Normally (Windows users) this is on your Start menu (programs, or
programs|accessories).
cd /d c:\proxyTools
The tools provided cover the following areas:
- analysis of your ISP's firewall rules to determine blocked ports
(master.pl)
- analysis of your system, environment and any hints you provide to
determine the name servers to use, the proxies you have access to, the
services you have access to and any special subnets you may be able to
access (master.pl, statProxy.pl)
- analysis of proxies found (a very comprehensive test suite is run
by statProxy)
- extraction (and basic tests) from many formats of lists of
proxies in files, URLs, or even mail and forum/bbs messages (findProxy,
statProxy)
- sorting proxy files, merging, deduping, 'safe'ing and reverse
resolution (sortProxy)
- database management with reliability and uptime calculated
(mergeHosts). This also allows the user to maintain a personal database
of proxies which overrides those in the distribution database when used
with localProxy.
- extraction/reports from the proxy database with multiple
selection parameters like proxy capabilities and proxy location
(extractHosts)
- a local proxy which attempts to build a usable configuration from
all of the above information, and provide you with services you can use
without worrying about proxies dying, inaccessible, censoring, down etc.
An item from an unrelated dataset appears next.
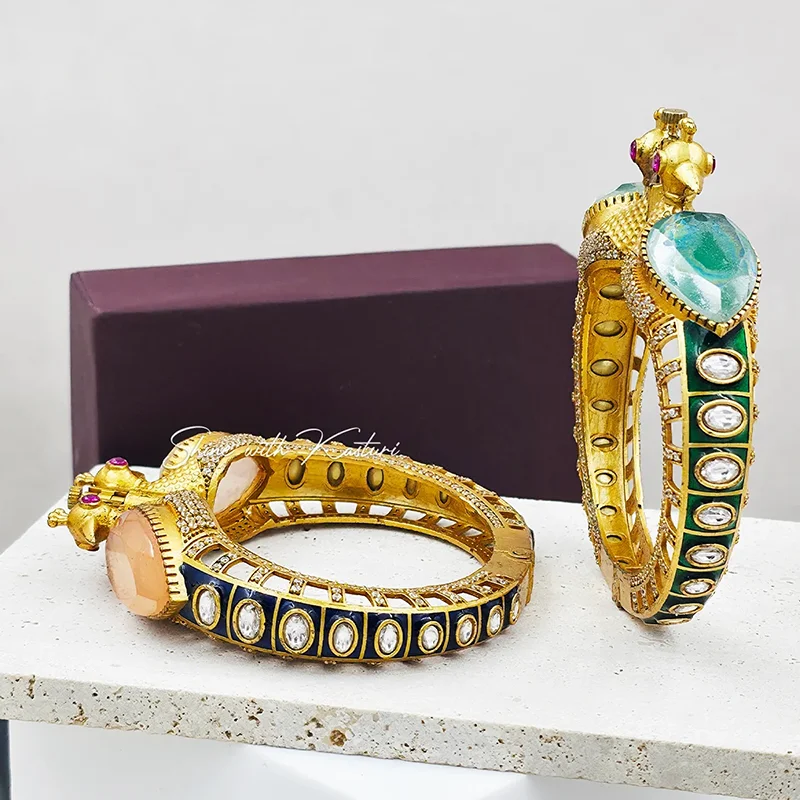Accented with luminous polki stones, crystal embellishments, and enamel detailing, the bracelet offers a perfect balance of tradition and contemporary elegance. The secure clasp ensures comfort while maintaining a luxurious, structured look. Ideal for weddings, festive celebrations, and special occasions, this statement kada pairs effortlessly with sarees, lehengas, and designer ethnic wear. A timeless piece that adds grandeur and sophistication to every ensemble.

The services which are provided are non-censoring, reliable, as fast as
your proxy database can supply, etc.
- a logger which will tell you everything your clients are sending
and receiving (localProxy)
- an XML database maintained by myself (with test reports from
others) containing thousands of proxies with their capabilities,
properties, uptime, reliability , access info and speeds (hosts.xml)
- many other useful XML databases containing information like known
firewalls (blocked ports, proxies, name servers etc.)
An example to get you started
Having unzipped the package as above, you are ready to try one of the
tools.
I'll use an old version of findProxy as an example, and to give you the
flavor of these things.
Note that all the proxyTools behave in a similar manner.
See findProxy for a more detailed
explanation of the findProxy options.
perl findProxy.pl -h
You will see some help information:
Usage: findProxy [-options] <url>
-f <file>
Use a configuration file (command line options still
override)
-F <firewall> Ignore proxies
blocked by this firewall (defaults
to the firewall determined from the test locn address,
or to 'firewall-none'
-c <country> Set country to
test proxies for (default UAE)
-i <port list> Ignore proxies on these
ports (default 23,12000)
-t <timeout> Set timeout
value (default 60 secs)
-p <proxyurl> The URL of the proxy
to use to get the proxy list,
or 'none' (default is a UAE proxy)
-v
Show program version
-h
Print this message
-q
Quiet - don't list the proxy list, and no beeps etc.
(default noisy)
-r
Reference URL and pattern ('#' separated) or
'none' (extract proxies only, no tests are done)
-C
Use CONNECT to test each proxy in the list (default off)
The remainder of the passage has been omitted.